Solaris 11.4 hosted repository, TortoiseHG clone attempt consumes all resources
Scott Newman - NOAA Affiliate
scott.newman at noaa.gov
Thu Jul 23 16:53:08 UTC 2020
On Mon, Jul 20, 2020 at 6:28 PM Pierre-Yves David
<pierre-yves.david at ens-lyon.org> wrote:
>
>
>
> On 6/23/20 11:15 PM, Scott Newman - NOAA Affiliate wrote:
> >>>>>>>>>>> Good morning everyone!
> >>>>>>>>>>>
> >>>>>>>>>>> We are currently using Mercurial 5.2.2 hosted on Solaris 11.3 and
> >>>>>>>>>>> accessed
> >>>>>>>>>>> by contributors via TortoiseHG 5.0.2 from their Windows Desktops.
> >>>>>>>>>>> We are
> >>>>>>>>>>> in the process of migrating applications to new hosts running
> >>>>>>>>>>> Solaris
> >>>>>>>>>>> 11.4.
> >>>>>>>>>>
> >>>>>>>>>> As far as I understand, you use the same versions (Mercurial 5.2.2
> >>>>>>>>>> on
> >>>>>>>>>> server TortoiseHG 5.0.2 on client) and the same python (probably
> >>>>>>>>>> 2.7
> >>>>>>>>>> something?) The only software version difference is Solaris 11.3 vs
> >>>>>>>>>> Solaris 11.4, right ?
> >>>>>>>>>
> >>>>>>>>> Pierre-Yves, so nice to hear from you! Correct. Python 2.7.18
> >>>>>>>>> (tried
> >>>>>>>>> some others with the same result). I have an update that when we
> >>>>>>>>> tried going back to THG 3.4 the clone worked as expected, but that
> >>>>>>>>> doesn't seem like a good long-term solution, particularly since we
> >>>>>>>>> will lose the ability to export-archive that was introduced
> >>>>>>>>> somewhere
> >>>>>>>>> around version 4.5, if you recall.
> >>>>>>>>
> >>>>>>>> That is very interesting, We are talking about using THG 3.4 on the
> >>>>>>>> client right? with still using Mercurial 5.2.2 on the server, right?
> >>>>>>>
> >>>>>>> Correct.
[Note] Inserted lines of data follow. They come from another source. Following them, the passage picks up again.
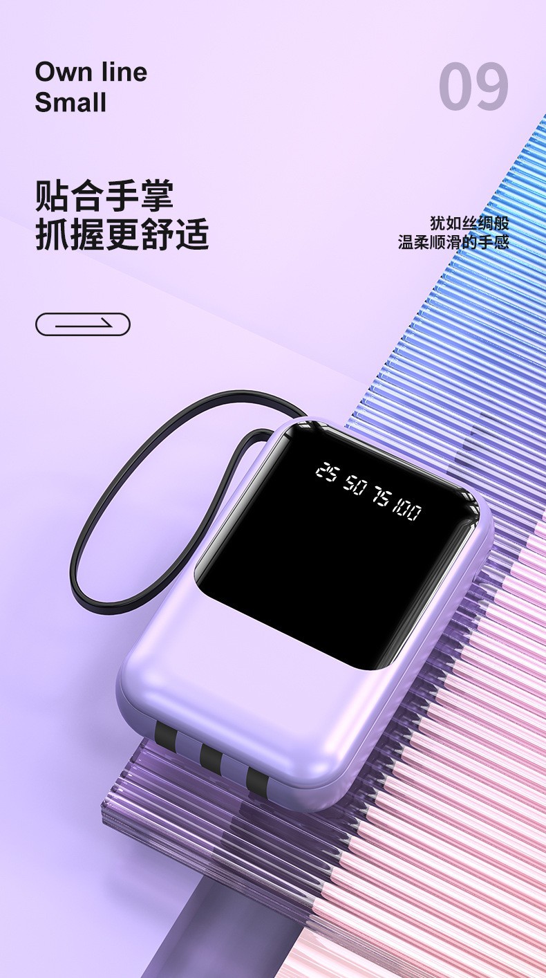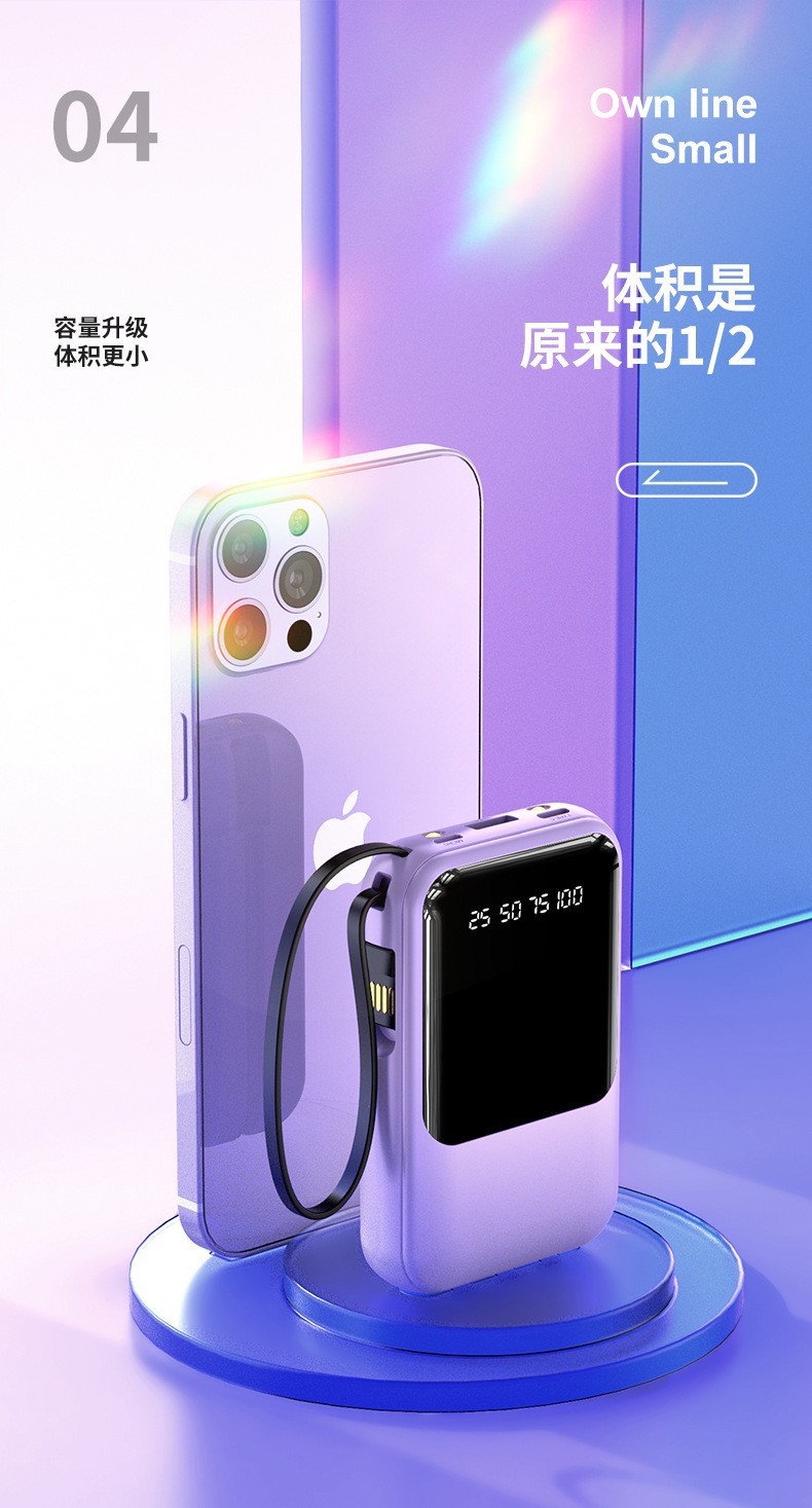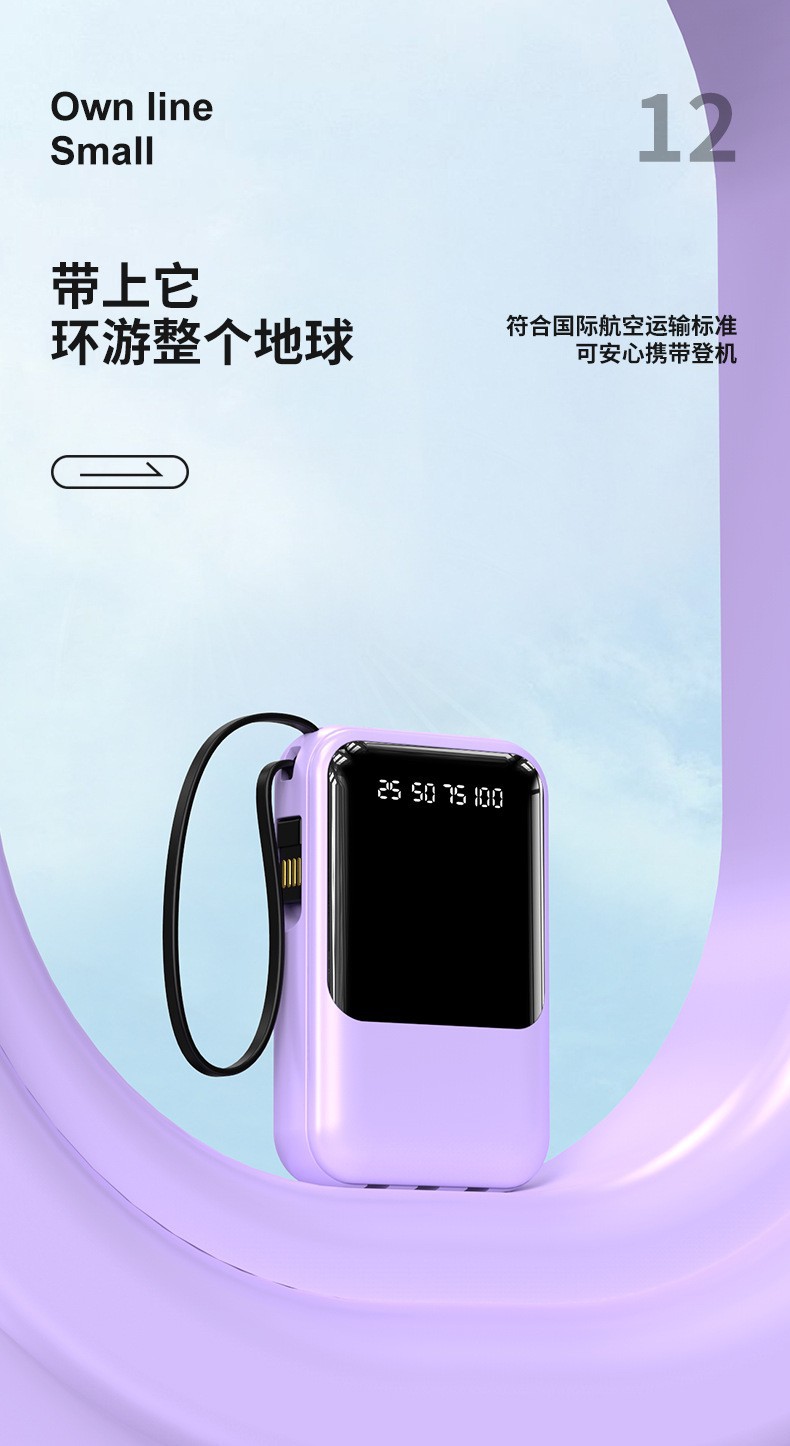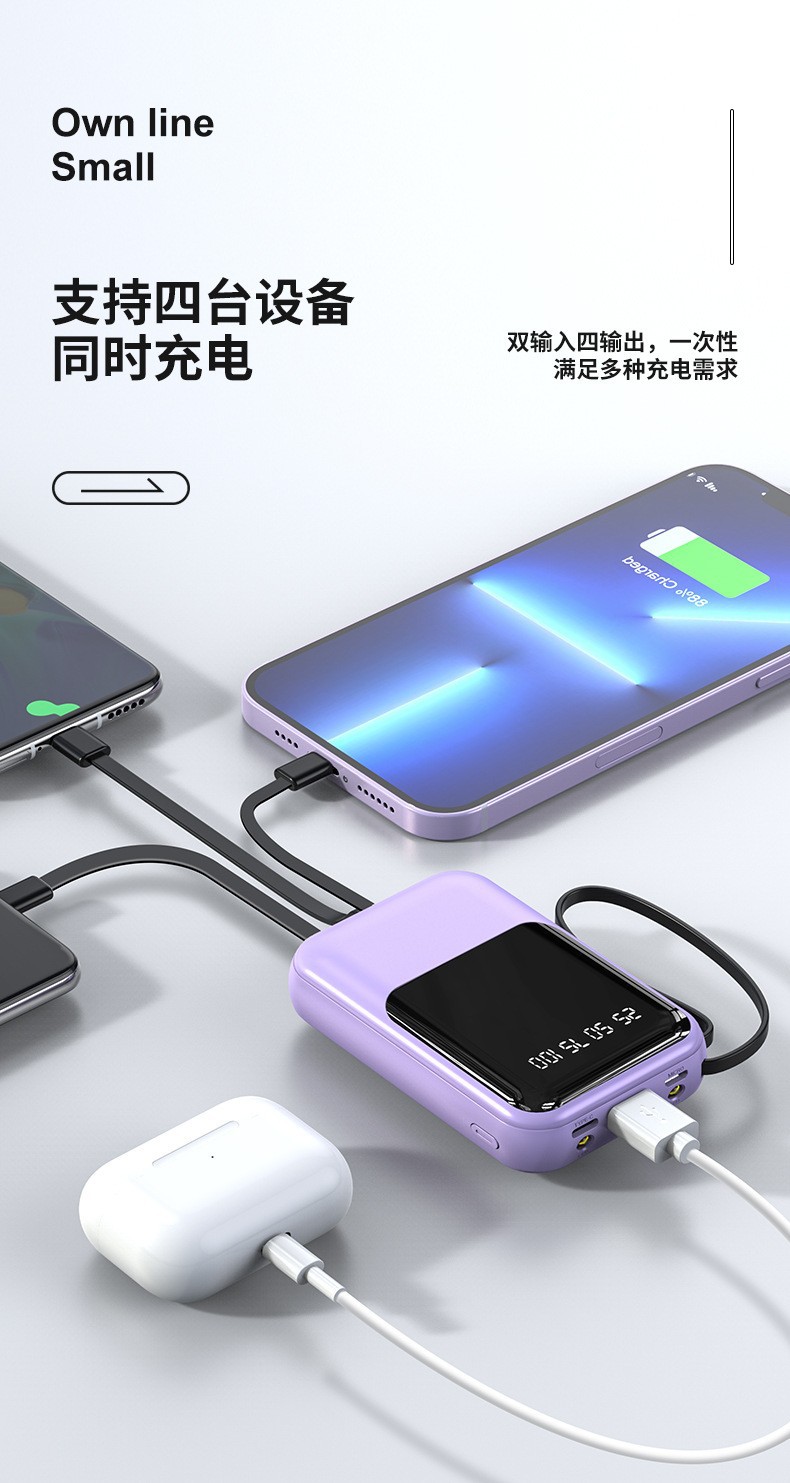 3C迷你自带线充电宝20000毫安超大容量移动电源礼品LOGO定制批发
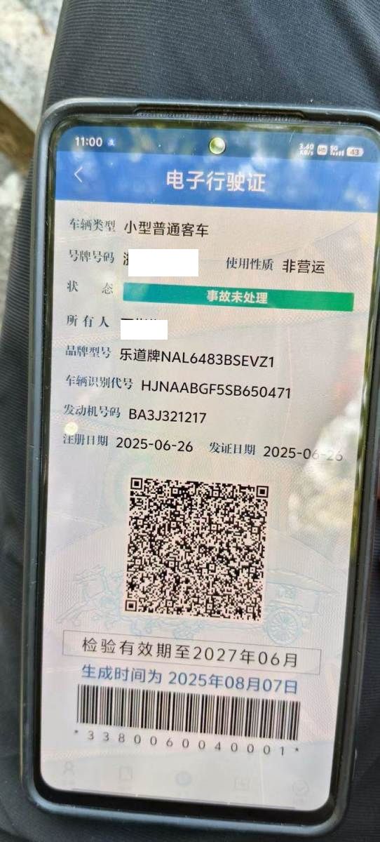 初次登记日期 2025-06-26 车辆名称 乐道牌
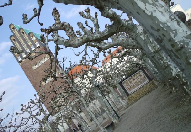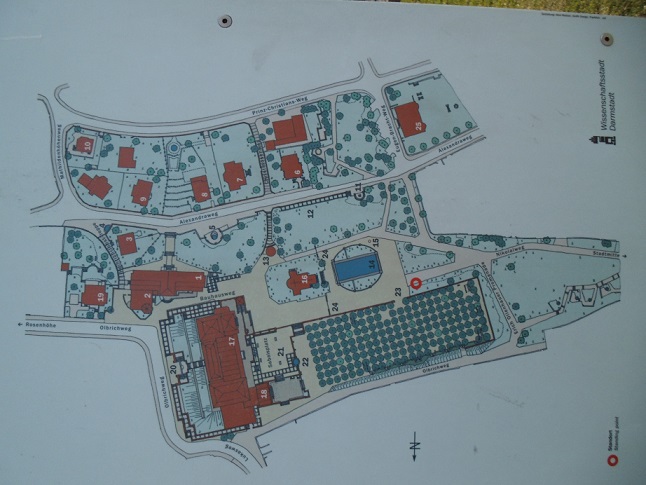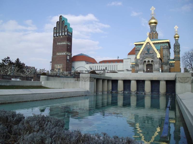 ** Mathildenhöhe: Im Osten der 100.000 Einwohner-Stadt hat diese Künstlerkolonie mit ihren vielen Bauten ganz große Anziehungskraft. Der fast 50 Meter hohe Hochzeitsturm mit seinen fünf Dachbögen, Platanenhain oder die Russische Kapelle mit ihrer Brunnenanlage neben den vielen historischen Häusern faszinieren. Der Turm gilt als Wahrzeichen Darmstadts.
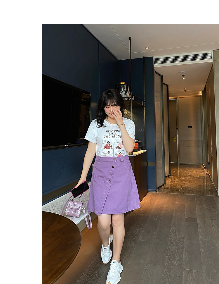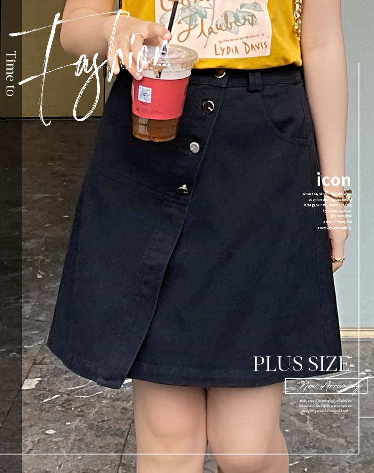 ジェーンウェイの大きいサイズの女装の太った妹の2021年の夏服の新型のa字の不規則なデニムの半身のスカートのbq0222
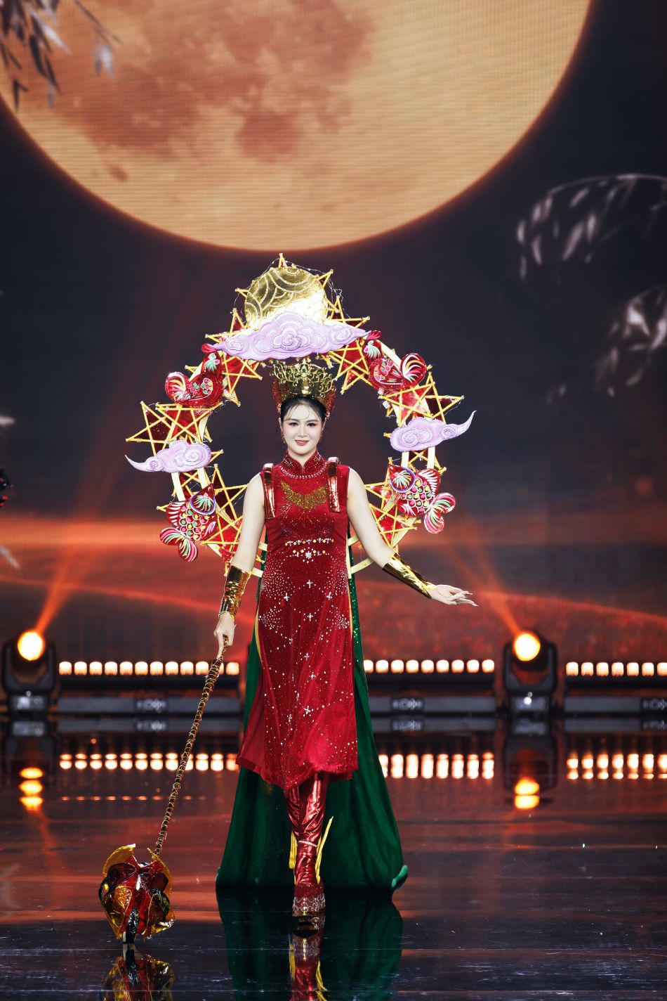 | Trang phục Đêm thu được lấy cảm hứng từ dịp lễ Tết trung Thu, với nhiều chi tiết gắn liền với tuổi thơ của mọi người như đèn, trăng... |

It is so interesting that the client can have such an impact
> >>>>>>> on the server!
> >>>>>>>
> >>>>>>>>
> >>>>>>>> If so, this means using a new protocol feature introduced in betwen
> >>>>>>>> 3.4
> >>>>>>>> and 5.2 reveal the issue.
> >>>>>>>>
> >>>>>>>> Can you confirm this? And if so, can you try to find the exact
> >>>>>>>> Mercurial
> >>>>>>>> version client side that trigger this issue?
> >>>>>>>
> >>>>>>> I am scheduled to work on this with another resource tomorrow at 15:00
> >>>>>>> EST and will update this thread. We have confirmed that the problem
> >>>>>>> exists in THG4.5.0, so it will be somewhere in between 3.4 and 4.5.0.
> >>>>>>>
> >>>>>>>>
> >>>>>>>> However, the export-archive thingy is something you run server side,
> >>>>>>>> don't you?
> >>>>>>>>
> >>>>>>>
> >>>>>>> We perform this task on the client side now with the archive function
> >>>>>>> and have abandoned the customization in favor of the built-in archive
> >>>>>>> functionality added
> >>>>>>>
> >>>>>>>>
> >>>>>>>>>
> >>>>>>>>>>
> >>>>>>>>>>> When trying to clone a copy of the repository hosted on
> >>>>>>>>>>> Solaris
> >>>>>>>>>>> 11.4 the clone runs very slowly and the process consumes most of
> >>>>>>>>>>> the
> >>>>>>>>>>> memory (64GB) on the host, starts generating "-bash: fork:
> >>>>>>>>>>> Resource
> >>>>>>>>>>> temporarily unavailable" errors for users on the box after about 2
> >>>>>>>>>>> minutes, and the clone process fails with a " Server Unexpectedly
> >>>>>>>>>>> closed
> >>>>>>>>>>> connection" message.
> >>>>>>>>>>
> >>>>>>>>>> So, the serveur hosting the repository is crumbly while cloning
> >>>>>>>>>> right?
> >>>>>>>>>> how are you cloning ? ssh or http ?
> >>>>>>>>>
> >>>>>>>>> Cloning via ssh.
> >>>>>>>>
> >>>>>>>> Great, can you add:
> >>>>>>>>
> >>>>>>>> [ui]
> >>>>>>>> debug=yes
> >>>>>>>>
> >>>>>>>> In the HGRC of the remote repository and run a clone, this you give
> >>>>>>>> you
> >>>>>>>> a tons of remote output that might help to understand what is going
> >>>>>>>> on
> >>>>>>>> when the memory explode.
> >>>>>>>
> >>>>>>> Here is the result on the client BEFORE adding debug:
> >>>>>>> % hg clone --verbose ssh://<username>@<hostname>//<dirname>/<reponame>
> >>>>>>> "C:\Repos\test"
> >>>>>>> requesting all changes
> >>>>>>> adding changesets
> >>>>>>> adding manifests
> >>>>>>> adding file changes ### Processes 123/5396 files, takes 10-15
> >>>>>>> minutes, fails here
> >>>>>>> transaction abort!
> >>>>>>> rollback completed
> >>>>>>> abort: stream ended unexpectedly (got 20593 bytes, expected 32768)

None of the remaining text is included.